La imposición de la pena o de la medida de seguridad responderá a los principios de necesidad, proporcionalidad y razonabilidad. El principio de necesidad se entenderá en el marco de la prevención y conforme a las instituciones que la desarrollan. 27.- Por su parte, el artículo 59 ibidem indica: Motivación del proceso de individualización de la pena.
Toda sentencia deberá contener una fundamentación explícita sobre los motivos de la determinación cualitativa y cuantitativa de la pena. 28.- En relación con la dosificación, el artículo 60 ibidem precisa: Parámetros para la determinación de los mínimos y máximos aplicables. Para efectuar el proceso de individualización de la pena el sentenciador deberá fijar, en primer término, los límites mínimos y máximos en los que se ha de mover.
Para ello, y cuando hubiere circunstancias modificadoras de dichos límites, aplicará las siguientes reglas: 1. Si la pena se aumenta o disminuye en una proporción determinada, ésta se aplicará al mínimo y al máximo de la infracción básica. 2. Si la pena se aumenta hasta en una proporción, ésta se aplicará al máximo de la infracción básica. 3.
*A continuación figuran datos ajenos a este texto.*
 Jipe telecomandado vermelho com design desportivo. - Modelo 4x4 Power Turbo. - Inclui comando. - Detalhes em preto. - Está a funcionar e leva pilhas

Si la pena se disminuye hasta en una proporción, ésta se aplicará al mínimo de la infracción básica. 4. Si la pena se aumenta en dos proporciones, la menor se aplicará al mínimo y la mayor al máximo de la infracción básica. 5. Si la pena se disminuye en dos proporciones, la mayor se aplicará al mínimo y la menor al máximo de la infracción básica. 29.- Y, en el artículo 61 el legislador ordenó: Fundamentos para la individualización de la pena.
Efectuado el procedimiento anterior, el sentenciador dividirá el ámbito punitivo de movilidad previsto en la ley en cuartos: uno mínimo, dos medios y uno máximo. El sentenciador sólo podrá moverse dentro del cuarto mínimo cuando no existan atenuantes ni agravantes o concurran únicamente circunstancias de atenuación punitiva, dentro de los cuartos medios cuando concurran circunstancias de atenuación y de agravación punitiva, y dentro del cuarto máximo cuando únicamente concurran circunstancias de agravación punitiva.
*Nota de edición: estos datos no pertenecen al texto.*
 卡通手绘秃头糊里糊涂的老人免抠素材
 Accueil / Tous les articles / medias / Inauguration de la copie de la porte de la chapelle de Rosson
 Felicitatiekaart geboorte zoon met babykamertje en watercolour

Establecido el cuarto o cuartos dentro del que deberá determinarse la pena, el sentenciador la impondrá ponderando los siguientes aspectos: la mayor o menor gravedad de la conducta, el daño real o potencial creado, la naturaleza de las causales que agraven o atenúen la punibilidad, la intensidad del dolo, la preterintención o la culpa concurrentes, la necesidad de pena y la función que ella ha de cumplir en el caso concreto.
Además de los fundamentos señalados en el inciso anterior, para efectos de la determinación de la pena, en la tentativa se tendrá en cuenta el mayor o menor grado de aproximación al momento consumativo y en la complicidad el mayor o menor grado de eficacia de la contribución o ayuda. El sistema de cuartos no se aplicará en aquellos eventos en los cuales se han llevado a cabo preacuerdos o negociaciones entre la Fiscalía y la defensa. 30.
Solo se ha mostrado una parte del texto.